Stored items
□ □ □ □ □
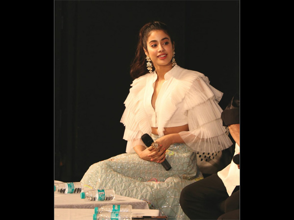 Over a period of months, we have observed that Janhvi loves wearing separates for events. And this time was no different as 'Dhadak' actress donned magical separates. Janhvi wore a ruffled top that featured a deep neckline and butterfly-like silhouette with layered sleeves. We absolutely loved her top and she paired it with an even more stunning skirt that was dipped in a light blue hue and elaborated with subtly embellished patchwork and colourful butterfly motifs. Janhvi's attire looked straight out of a fairytale.
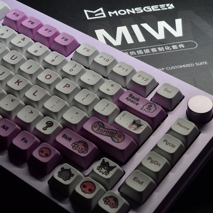 " 몬스긱 m1w " 근데 이제 오테뮤 라임 스위치와 쿠로미 키캡을 곁들인. 예전에 가성비로 유명했...
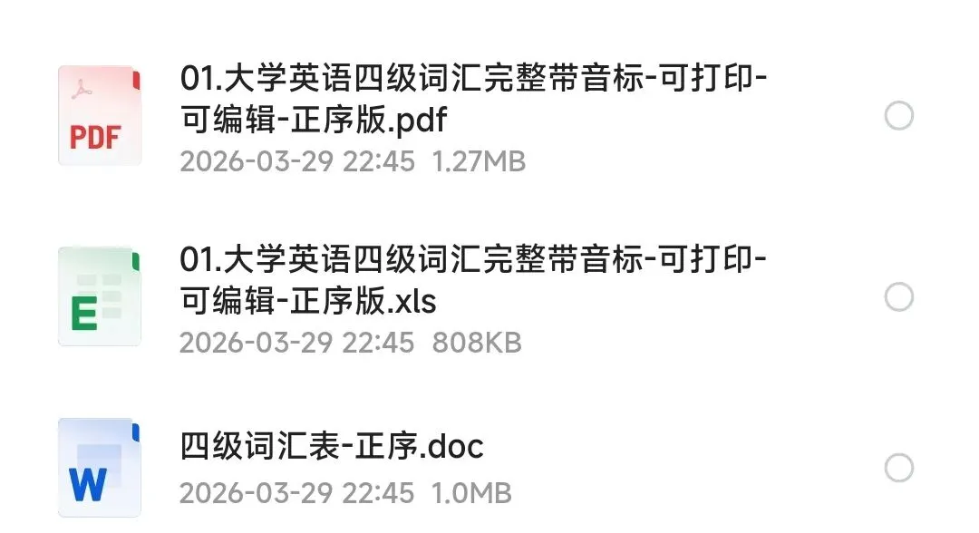 🔤四级单词高效记忆:4500大纲词汇+精准音标,正序/乱序/默写三版齐全,快速过级。
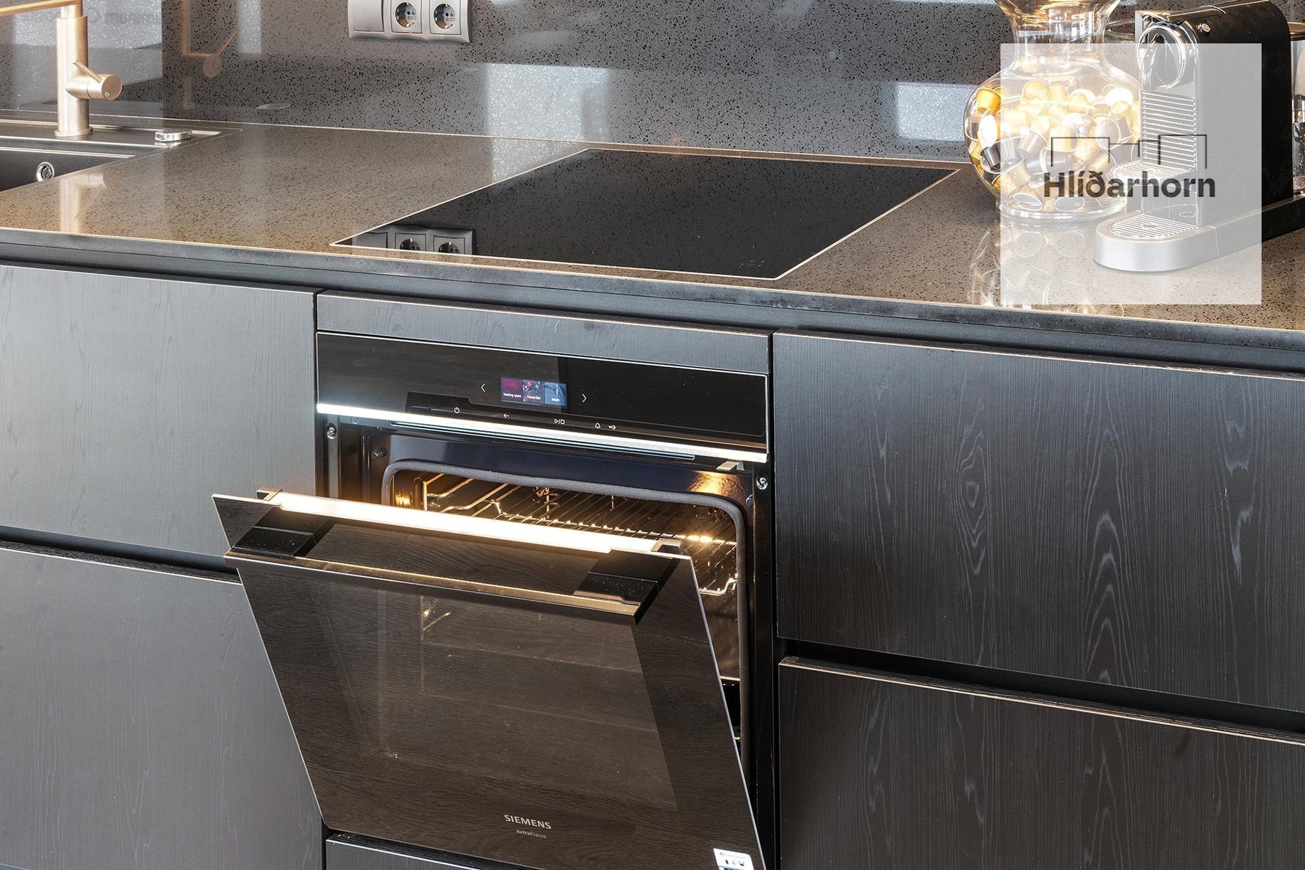 Virðuleg og vönduð 3ja herbergja rúmgóð horníbúð á 2. hæð. Birt stærð er 103,4 fm þar af 7,4 fm geymsla í kjallara. Íbúðin skiptist í anddyri, gang, eldhús með eyju og stofu/borðstofu í opnu rými með útgengi á svalir, 2 svefnherbergi og baðherbergi. Íbúðin afhendist með hágæða sérsmíðuðum innréttingum frá Nobilia/GKS, raftækjum frá Siemens og Witt í hæsta gæðaflokki, vönduðum ítölskum blöndunartækjum frá Mariner Rubinetterie, og sterku og vönduðu gólfefni frá Álfaborg. Íbúðin er útbúin sér loftræstikerfi með varmaendurvinnslu. Innréttingarþema íbúðar er Hlíð 2.
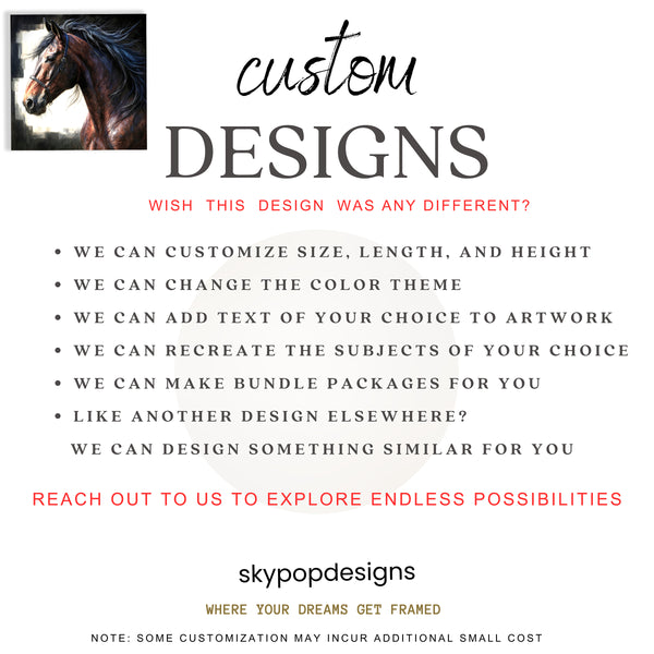 Looking for a custom design, or do you love a particular design but need it in a different size or orientation? Perhaps you've found a design elsewhere and wish for us to create something similar for you? Drop us a message! We're dedicated to meeting your needs and will work closely with you to ensure your vision comes to life.
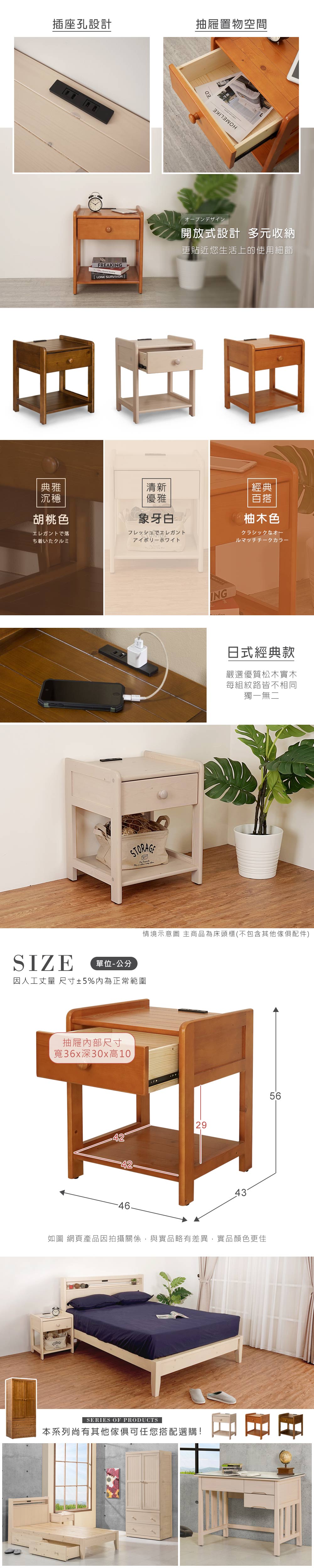 ◆開放格+抽屜置物空間◆實用便利,插座孔設計◆堅韌優質松木實木打造◆免組裝,專人配送到府◆清雅簡靜的日式風格◆臥室、客廳角落經典單品尺寸:寬 46 x 深 43 x 高 56 cm材質:松木實木顏色:象牙白、柚木色、胡桃色產地:越南誤差值:因人工丈量,尺寸±5%內為正常範圍
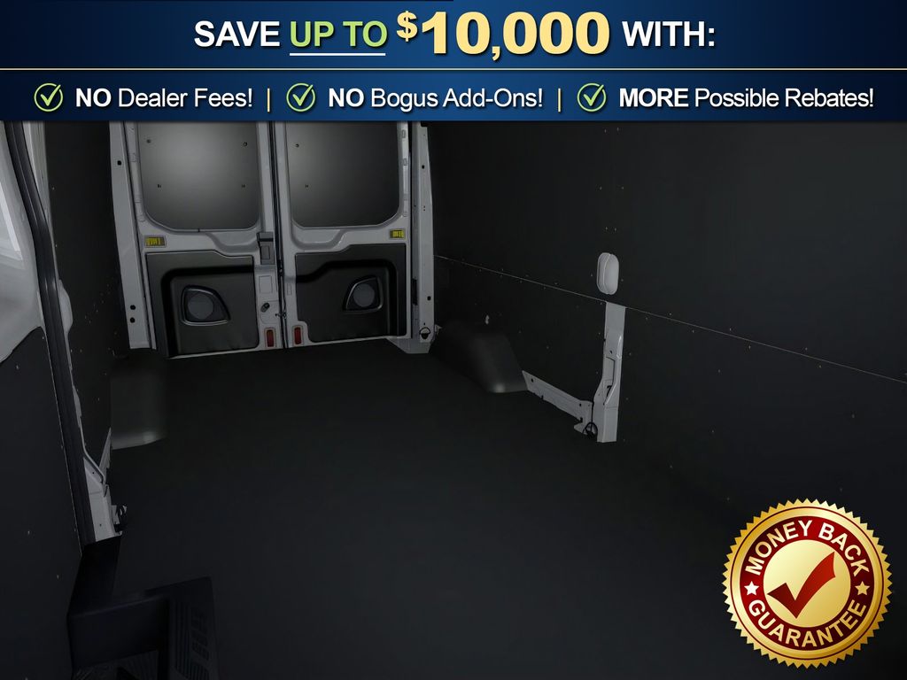 Oxford White 2026 Ford Transit-250 CMF RWD 10-Speed Automatic with Overdrive 3.5L V6 Flex Fuel 2 Additional Keys (4 Total), 253-Degree Rear Door Opening, 3.73 Axle Ratio, 4 Speakers, 4-Wheel Disc Brakes, ABS brakes, Air Conditioning, AM/FM radio, AM/FM Stereo, Apple CarPlay/Android Auto, Auto High-beam Headlights, Back Up Alarm, Brake assist, Cloth Front Bucket Seats, Dark Palazzo Gray Vinyl Bucket Seats, Delay-off headlights, Driver door bin, Driver's Seat Mounted Armrest, Dual front impact airbags, Dual front side impact airbags, Electronic Stability Control, Emergency communication system: 911 Assist, Exterior Parking Camera Rear, Ford Connectivity Package (1-Year Included), Frame Mounted Hitch Receiver, Front anti-roll bar, Front Bucket Seats, Front License Plate Bracket, Front Overhead Shelf, Front reading lights, Front wheel independent suspension, Full Rear Compartment Lighting, Fully automatic headlights, Heavy-Duty Trailer Tow Package, Illuminated entry, Large Center Console, Load Area Protection Package, Low tire pressure warning, Midship Extended Range Fuel Tank (31 Gallons), Navigation system: Connected Navigation, Occupant sensing airbag, Overhead airbag, Panic alarm, Passenger cancellable airbag, Passenger door bin, Power door mirrors, Power steering, Power windows, Remote keyless entry, Speed control, Steering wheel mounted audio controls, SYNC 4, Tachometer, Telescoping steering wheel, Tilt steering wheel, Traction control, Variably intermittent wipers, Vinyl Front Bucket Seats.
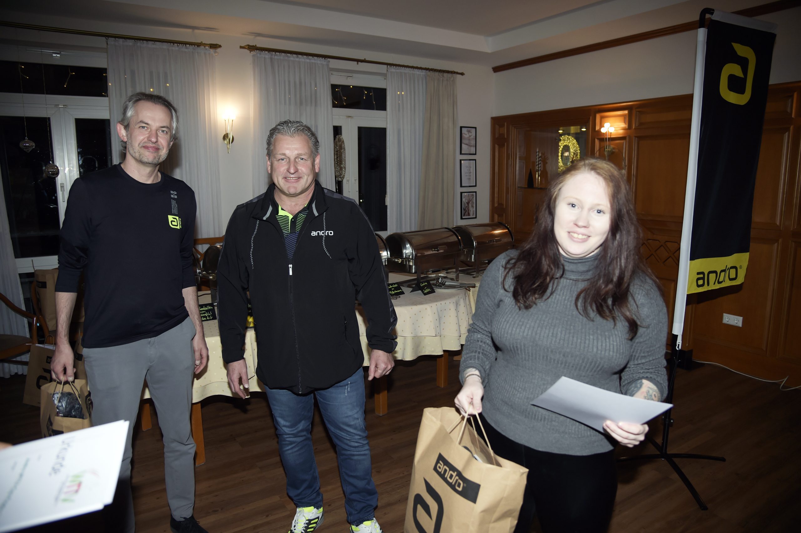 Im Hotel-Restaurant Am Park traf man sich zur abschließenden Ehrung von Sieger und Platzierten. Hier gratulierten David Daus und Rainer Schmidt vom Titelsponsor andro den Teilnehmenden für ihre engagierten Leistungen:
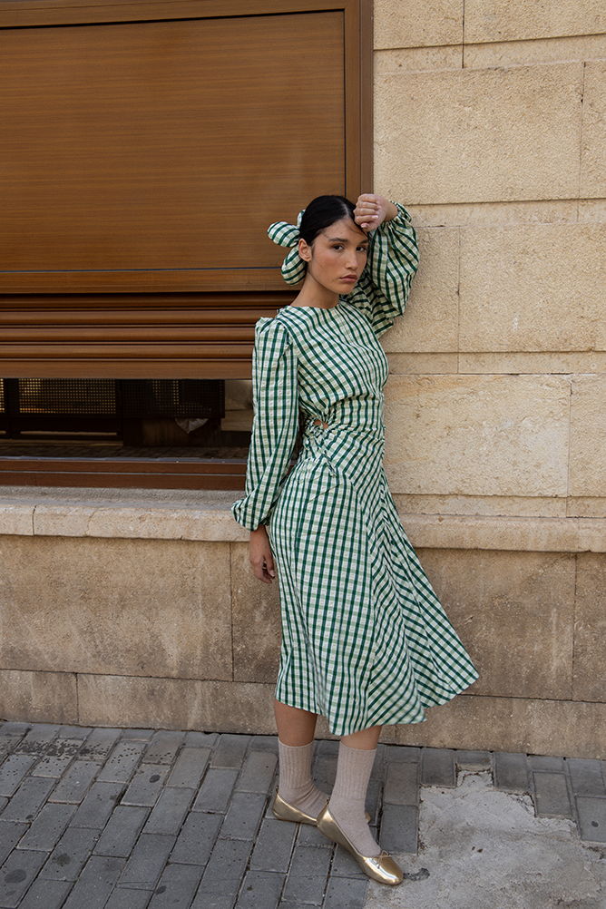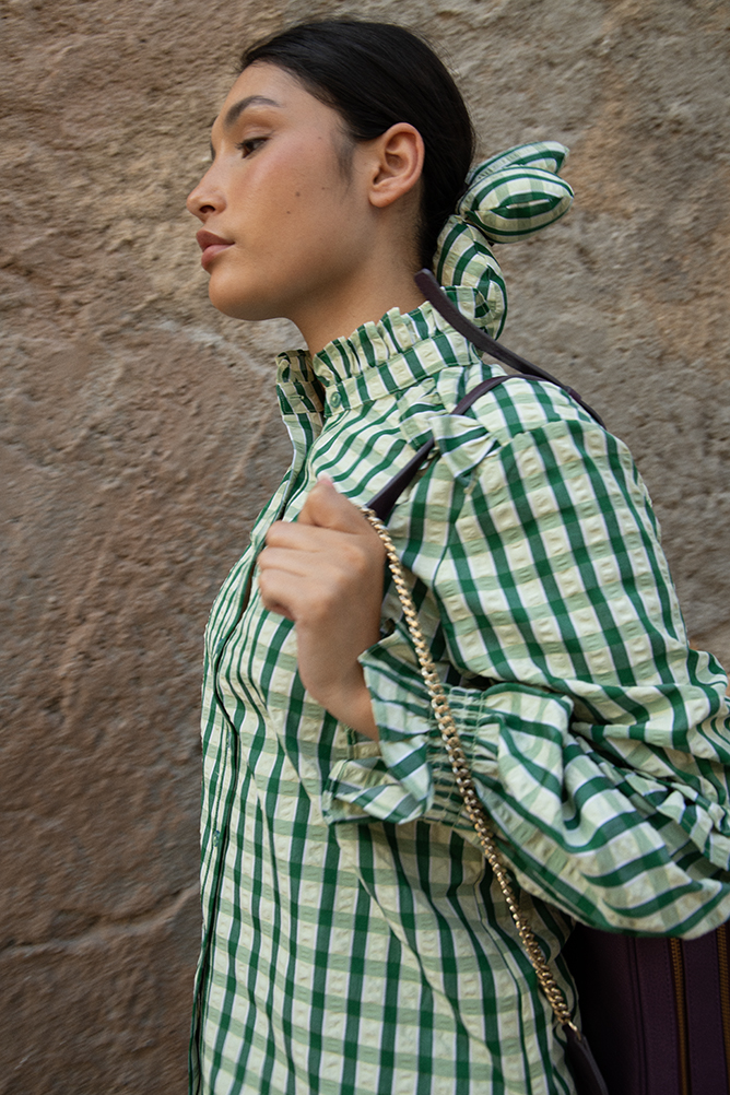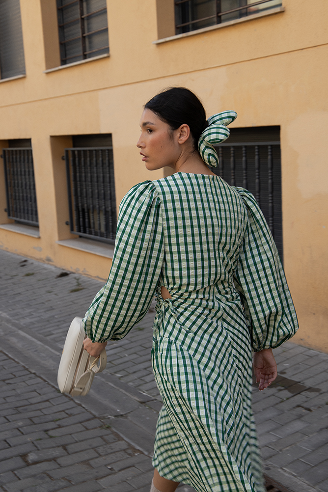 Coletero ajustable en forma de maxi flor con estampado vichy en verde y blanco.
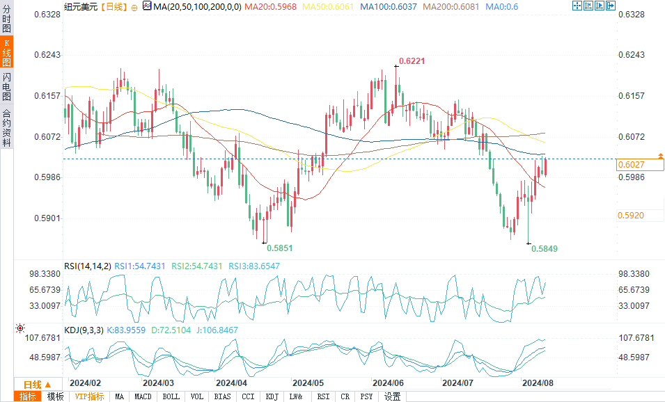 北京时间20:25,纽元/美元报0.6028/30,涨幅0.52%。
□ □ □ □ □
Return all records exactly as they stand above, except for pictures.

ANSWER TO THE EXERCISE:
 Over a period of months, we have observed that Janhvi loves wearing separates for events. And this time was no different as 'Dhadak' actress donned magical separates. Janhvi wore a ruffled top that featured a deep neckline and butterfly-like silhouette with layered sleeves. We absolutely loved her top and she paired it with an even more stunning skirt that was dipped in a light blue hue and elaborated with subtly embellished patchwork and colourful butterfly motifs. Janhvi's attire looked straight out of a fairytale.
 " 몬스긱 m1w " 근데 이제 오테뮤 라임 스위치와 쿠로미 키캡을 곁들인. 예전에 가성비로 유명했...
 🔤四级单词高效记忆:4500大纲词汇+精准音标,正序/乱序/默写三版齐全,快速过级。
 Virðuleg og vönduð 3ja herbergja rúmgóð horníbúð á 2. hæð. Birt stærð er 103,4 fm þar af 7,4 fm geymsla í kjallara. Íbúðin skiptist í anddyri, gang, eldhús með eyju og stofu/borðstofu í opnu rými með útgengi á svalir, 2 svefnherbergi og baðherbergi. Íbúðin afhendist með hágæða sérsmíðuðum innréttingum frá Nobilia/GKS, raftækjum frá Siemens og Witt í hæsta gæðaflokki, vönduðum ítölskum blöndunartækjum frá Mariner Rubinetterie, og sterku og vönduðu gólfefni frá Álfaborg. Íbúðin er útbúin sér loftræstikerfi með varmaendurvinnslu. Innréttingarþema íbúðar er Hlíð 2.
 Looking for a custom design, or do you love a particular design but need it in a different size or orientation? Perhaps you've found a design elsewhere and wish for us to create something similar for you? Drop us a message! We're dedicated to meeting your needs and will work closely with you to ensure your vision comes to life.
 ◆開放格+抽屜置物空間◆實用便利,插座孔設計◆堅韌優質松木實木打造◆免組裝,專人配送到府◆清雅簡靜的日式風格◆臥室、客廳角落經典單品尺寸:寬 46 x 深 43 x 高 56 cm材質:松木實木顏色:象牙白、柚木色、胡桃色產地:越南誤差值:因人工丈量,尺寸±5%內為正常範圍
 Oxford White 2026 Ford Transit-250 CMF RWD 10-Speed Automatic with Overdrive 3.5L V6 Flex Fuel 2 Additional Keys (4 Total), 253-Degree Rear Door Opening, 3.73 Axle Ratio, 4 Speakers, 4-Wheel Disc Brakes, ABS brakes, Air Conditioning, AM/FM radio, AM/FM Stereo, Apple CarPlay/Android Auto, Auto High-beam Headlights, Back Up Alarm, Brake assist, Cloth Front Bucket Seats, Dark Palazzo Gray Vinyl Bucket Seats, Delay-off headlights, Driver door bin, Driver's Seat Mounted Armrest, Dual front impact airbags, Dual front side impact airbags, Electronic Stability Control, Emergency communication system: 911 Assist, Exterior Parking Camera Rear, Ford Connectivity Package (1-Year Included), Frame Mounted Hitch Receiver, Front anti-roll bar, Front Bucket Seats, Front License Plate Bracket, Front Overhead Shelf, Front reading lights, Front wheel independent suspension, Full Rear Compartment Lighting, Fully automatic headlights, Heavy-Duty Trailer Tow Package, Illuminated entry, Large Center Console, Load Area Protection Package, Low tire pressure warning, Midship Extended Range Fuel Tank (31 Gallons), Navigation system: Connected Navigation, Occupant sensing airbag, Overhead airbag, Panic alarm, Passenger cancellable airbag, Passenger door bin, Power door mirrors, Power steering, Power windows, Remote keyless entry, Speed control, Steering wheel mounted audio controls, SYNC 4, Tachometer, Telescoping steering wheel, Tilt steering wheel, Traction control, Variably intermittent wipers, Vinyl Front Bucket Seats.
 Im Hotel-Restaurant Am Park traf man sich zur abschließenden Ehrung von Sieger und Platzierten. Hier gratulierten David Daus und Rainer Schmidt vom Titelsponsor andro den Teilnehmenden für ihre engagierten Leistungen:
 Coletero ajustable en forma de maxi flor con estampado vichy en verde y blanco.
 北京时间20:25,纽元/美元报0.6028/30,涨幅0.52%。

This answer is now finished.